PROBLEM STATEMENT » Everything in the listing should be transcribed exactly, apart from the pictures.

DATA SEGMENT »
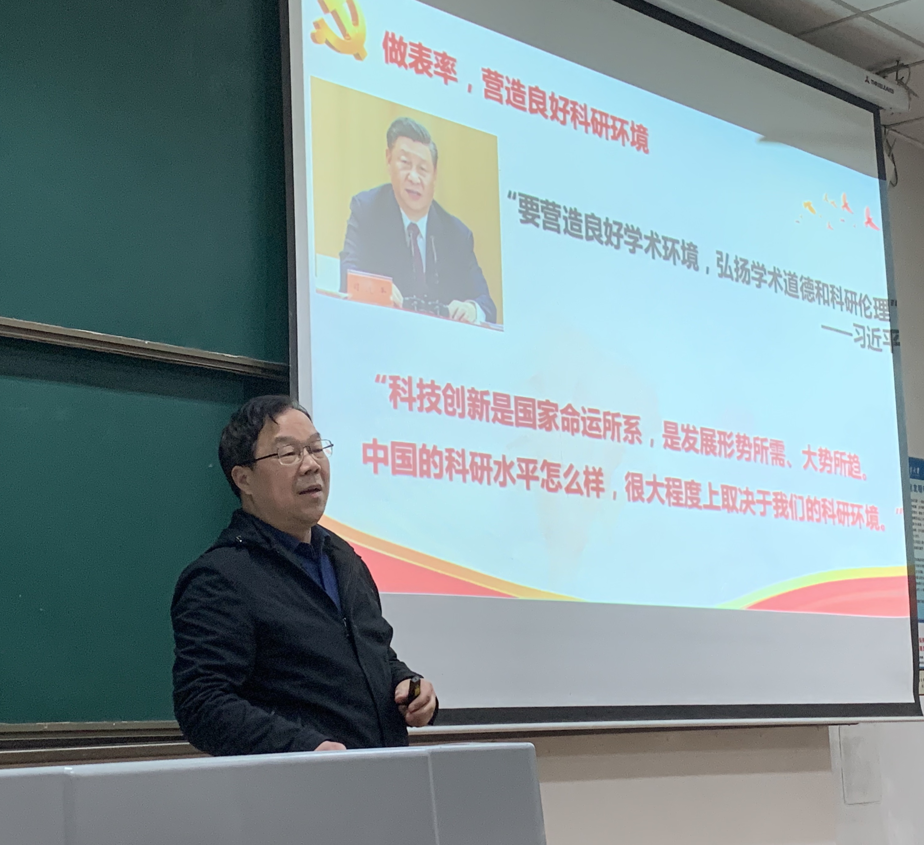 党委书记付前刚结合工作实际指出,诚信是科研人心中的标尺,也是党员时刻需牢记的红线。只有常怀敬畏之心,牢记肩上重任,不忘心中荣誉,才算合格的社徽人才。作为研究生,必须对自己的实验数据负责;作为师兄师姐,更要为师弟师妹们树立榜样。只有每位同学做好自己,国家才能有更好的学术环境,未来中国才能有更高的科研水平。
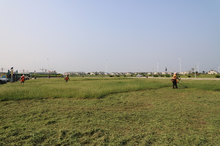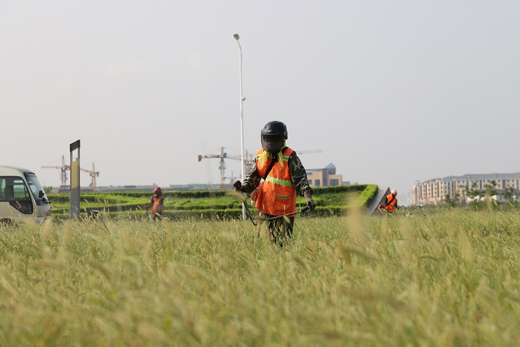 連日來,在臨港產業(yè)區(qū)辦公樓前,我們看到幾名南翼綠化公司的工人正在草坪上揮動割草機,忙碌的進行著除草作業(yè)。據了解,為了避開高溫時段,他們早上6點就開始工作,許多綠化工人都是五點多在家匆忙吃完早飯就趕往工作現場,有的甚至空腹上陣。工作現場,在經過一個夏天的生長,不少地方的雜草都近半米高,草叢內還有不少的碎石子等雜物,為了做好自身防護,工人們穿著厚厚的衣褲,戴著口罩、頭盔,肩扛除草機,一工作就是一上午。雖然近階段氣溫逐漸下降,但近30°的氣溫還是讓工人們吃不消。為了盡快完成工作目標,每一名工人都在咬牙堅持,默默地為更多的人營造一個優(yōu)美、整潔的環(huán)境而做出自己的貢獻。(封楊)
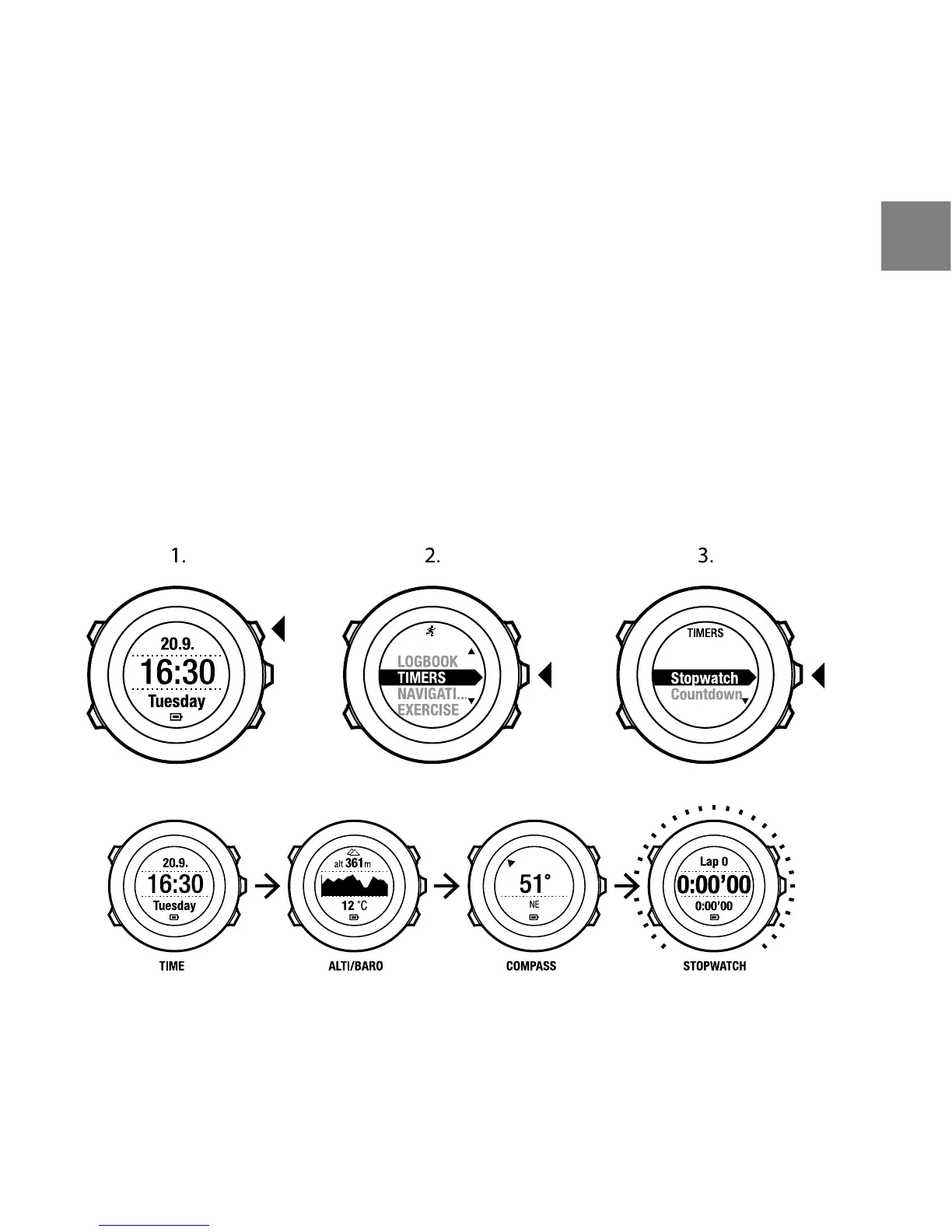 you have activated the stopwatch, it is shown as the last display after the TIME,
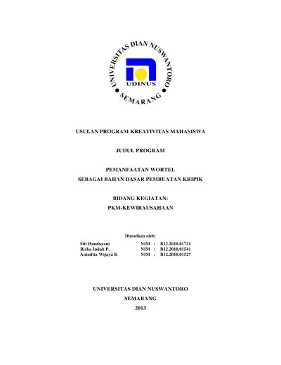 Pkm Keripik Wortel / Pendugaan Umur Simpan Keripik Wortel Dalam Kemasan Polipropilen Oleh Ifah Latifah F Pdf Download Gratis : Sistematika pkm kewirausahan ini ditulis menggunakan jenis huruf times new roman dengan font 12 adapun untuk jarak antar barisnya ialah 1,15 dengan spasi.

COMPLETED TASK »
 党委书记付前刚结合工作实际指出,诚信是科研人心中的标尺,也是党员时刻需牢记的红线。只有常怀敬畏之心,牢记肩上重任,不忘心中荣誉,才算合格的社徽人才。作为研究生,必须对自己的实验数据负责;作为师兄师姐,更要为师弟师妹们树立榜样。只有每位同学做好自己,国家才能有更好的学术环境,未来中国才能有更高的科研水平。
 連日來,在臨港產業(yè)區(qū)辦公樓前,我們看到幾名南翼綠化公司的工人正在草坪上揮動割草機,忙碌的進行著除草作業(yè)。據了解,為了避開高溫時段,他們早上6點就開始工作,許多綠化工人都是五點多在家匆忙吃完早飯就趕往工作現場,有的甚至空腹上陣。工作現場,在經過一個夏天的生長,不少地方的雜草都近半米高,草叢內還有不少的碎石子等雜物,為了做好自身防護,工人們穿著厚厚的衣褲,戴著口罩、頭盔,肩扛除草機,一工作就是一上午。雖然近階段氣溫逐漸下降,但近30°的氣溫還是讓工人們吃不消。為了盡快完成工作目標,每一名工人都在咬牙堅持,默默地為更多的人營造一個優(yōu)美、整潔的環(huán)境而做出自己的貢獻。(封楊)
 you have activated the stopwatch, it is shown as the last display after the TIME,
 Pkm Keripik Wortel / Pendugaan Umur Simpan Keripik Wortel Dalam Kemasan Polipropilen Oleh Ifah Latifah F Pdf Download Gratis : Sistematika pkm kewirausahan ini ditulis menggunakan jenis huruf times new roman dengan font 12 adapun untuk jarak antar barisnya ialah 1,15 dengan spasi.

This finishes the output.